In our work, we focus on two types of data used for the training phase, which are the Magnitude only (Amplitude only) and the complex nature datasets, as mentioned at the beginning. We neglected the dataset formed with both magnitude and phase, as we did not achieve good classification accuracy for such types of information; the same occurred and was mentioned in [9]. The matrices used in constructing the Magnitude only dataset are of dimensions equal to 330, and each matrix represents an output for a jar under test. For the training part, we are not going to have complete information for the sample under test because we neglected the phase values from the measurements data. On the other hand, using data with a complex nature should be more inclusive. However, it is not possible to work directly with complex numbers in ML without applying preprocessing to our measurements, and this will result in making the ML algorithm heavier. To avoid this, we chose to construct the complex nature dataset using the values of the real and the imaginary part of

S_{i j}

in a separated and consecutive form at each frequency, and in this way, we doubled the dimension of our matrices to become

30 \times 11 \times 2 = 660

.

4. ML Tools

Before discussing the used ML tools, it is important to show why the usage of these tools is necessary in such applications. To answer this question, we should review what type of data we are working on; for this reason, we constructed two images from the magnitude of the retrieved S-parameters for different types of jars exposed to the microwave sensing system.

The images shown in Figure 4 are the plotting of the entire elements of matrices each of dimension

30 \times 11

, which is a set of information that carries the amplitude part only from the data measurements. The two images represent two jar samples under test, one is the uncontaminated sample, and the other represents the contaminated one. We can detect a variance in the values of the amplitude between the two cases at different frequencies, as indicated by the black circles drawn in Figure 4. The images contain relevant information, but because of the low resolution at the MW frequencies, it is not enough for us as humans to determine if the image referred to a contaminated or uncontaminated jar sample. In addition, there is uncertainty in the scattering matrices every time the process is repeated. The reason for this uncertainty is that the measurements are being performed in dynamic conditions, and the scattering behavior of the MW is impacted by four varying parameters. These parameters are as follows: the type, the size and the position of the intrusion inside the jar, and the fourth one is related to the movement of the jar sample on the conveyor belt with a constant velocity. Thus, the usage of ML algorithms to automate the classification process is necessary and is considered to be very powerful while working with such a dynamic state.

Figure 4. Plotting of the amplitude of the retrieved S-parameters from two samples under test. (a) The uncontaminated jar sample; (b) the contaminated jar sample.

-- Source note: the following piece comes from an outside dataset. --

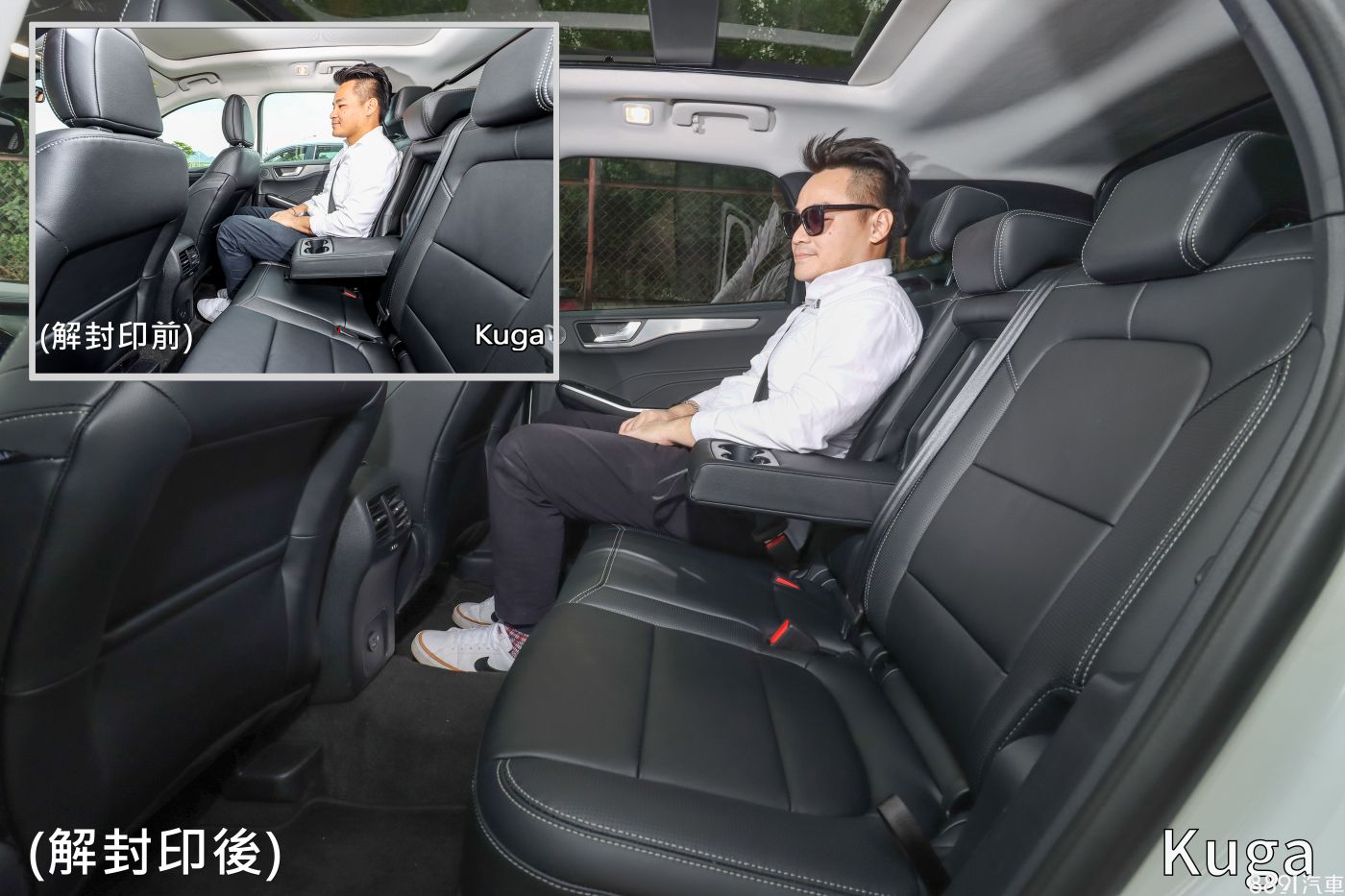 試駕的Kuga的後座經過「解封印」,可前後滑移讓膝部空間合理些許,椅背角度則具備兩段可調,整體舒適性比起出廠設置(如小圖)要好上許多,不過椅面剪裁造型仍然太過平面,且椅面長度略短、影響大腿支撐性。

Principal Component Analysis (PCA) [15] allows us to plot the data shown in Figure 5 below. The figures show the distribution of our two constructed datasets on the three most significant eigenvectors. We indicate with the red circles the contaminated samples, while the green circles correspond to the uncontaminated samples. From the figures, it is clear that the data are overlapping and non-linearly separable for both datasets, and thus, choosing a non-linear ML model to separate the two classes is indisputable. Looking into references that include similar procedures to those in [5,7,9,10,16], they focused mainly on using two ML algorithms, which are the Non-linear Support Vector Machine (SVM) and the Multi-Layer Perceptron (MLP). The reason behind focusing on using those two algorithms is that they are considered powerful and efficient in dealing with non-linearly separable classification problems with small datasets. All the functions of SVM and MLP are built-in and implemented in Python, which is a programming language with open-source libraries for ML. In the next two subsections, we are going to note more on the strengths of these classifiers algorithms and state the theory behind how each algorithm operates.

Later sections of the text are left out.